I believe these barriers are occurring naturally in a world that aims to maintain dominance. But we live in a time where change needs to occur, because the fact is we are short in primary care physicians in an aging population and a work force that will be reduced with baby boomers retiring, which will only add to the shortage in primary care physicians in a world where people are requiring more medical attention. The healthcare cost is also increasing at such a fast rate, where it will not be sustainable in the future. I believe these restraints will be resolved. The main driver of this resolution will be cost.

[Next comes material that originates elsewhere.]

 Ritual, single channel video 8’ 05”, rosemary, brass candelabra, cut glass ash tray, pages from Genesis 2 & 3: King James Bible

Hain, D., & Fleck, L. M. (2014). Barriers to NP Practice that Impact Healthcare Redesign. Online Journal Of Issues In Nursing19(2), 5. doi:10.3912/OJIN.Vol19No02Man02

I am aware of patient barriers. My father had an MI a few years back and he was following up with a cardiac NP for his routine follow up appointments. At first he was skeptical of his treatment plans and knowledge in medicine. I had to educate him and inform him that NPs are knowledgeable and are fully educated with medicine as much as doctors. They might even be more compassionate with patients, which can greatly improve their care. I provided him examples and had him rethink some of his past experiences with doctors on how some of them lack compassion. After this he was able to compare the difference and he did mention how the NP actually talks to him like a regular person and explains things in ways where he can understand.

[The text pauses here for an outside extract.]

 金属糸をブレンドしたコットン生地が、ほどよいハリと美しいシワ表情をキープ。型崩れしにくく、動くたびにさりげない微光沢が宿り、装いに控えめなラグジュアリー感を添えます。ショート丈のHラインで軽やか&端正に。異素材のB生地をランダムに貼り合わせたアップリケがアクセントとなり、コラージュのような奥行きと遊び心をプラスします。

I believe educating the population is extremely important to break these barriers. The population is not informed of the education NPs have to achieve in order to become providers. One way to do this is to inform the population with research in how effective NPs can be in treating common and chronic illnesses. Throughout this NP program, I have come across many scholarly articles that proved NPs are more effective in managing chronic illnesses compared to MDs, such as diabetes mellitus type 2. Therefore, we must do a better job in educating the population in the role of NPs and the extensive education and training they go through to become providers.

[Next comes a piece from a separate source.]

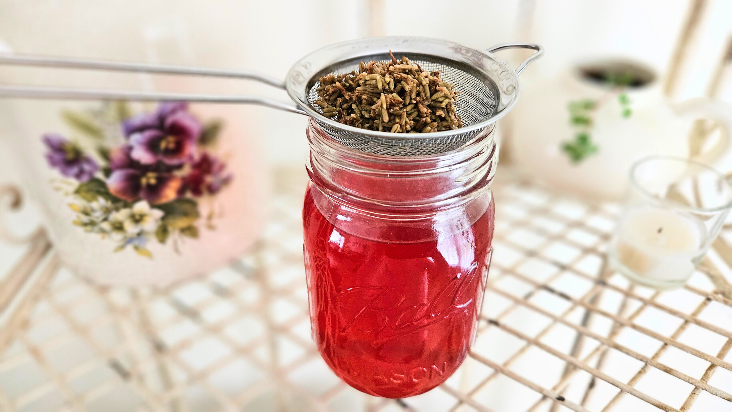 - Strain lavender flowers from vinegar using a fine mesh strainer.

I think it is interesting how we are looking into physical appearances and how they can affect the patient’s perception of a healthcare personnel. I have also noticed that when one comes in with a lab coat or maybe the hat OR doctors wear, all of a sudden, the patient may change outlook. I have told a patient information or advice and the patient may appear weary of my advice. However, the medical doctor will say the same advice I would say and the patient would trust what the medical doctor said. For example, I have heard one of my family members state that they do not want a FNP to take care of them when they go to a PCP. I asked why and there was no definite reason but besides that they felt more comfortable with an medical doctor. Medical doctors appear to hold such a high prestige. A study commissioned by the American Academy of Family Physicians shows 72% patients prefer physicians over nurse practitioners for their medical care. However, on the opposite end of the spectrum, the American Association of Nurse Practitioners, conducted their own study of what kind of care patients request. Their own study show that healthcare consumers are in favor and open to expanding responsibility for NPs. The two surveys do not contradict each other but display the unwritten tug-of-war of power. As the baby boomers age and and the surge in newly insured Americans grow, it places a strain in primary care providers. According the AAFP survey, only 7% of respondents said they would prefer a nurse practitioner over a physician while 16% indicated no preference and 5% said they didn’t know. It is interesting to see how perception of a profession can change the outlook of how a patient perceives a medical doctor or a nurse practitioner. (Read & Mayberry, 2015)

Read, A. M., & Mayberry, J. F. (2015). Doctor or nurse? The patients’ choice. Postgraduate Medical Journal, 212.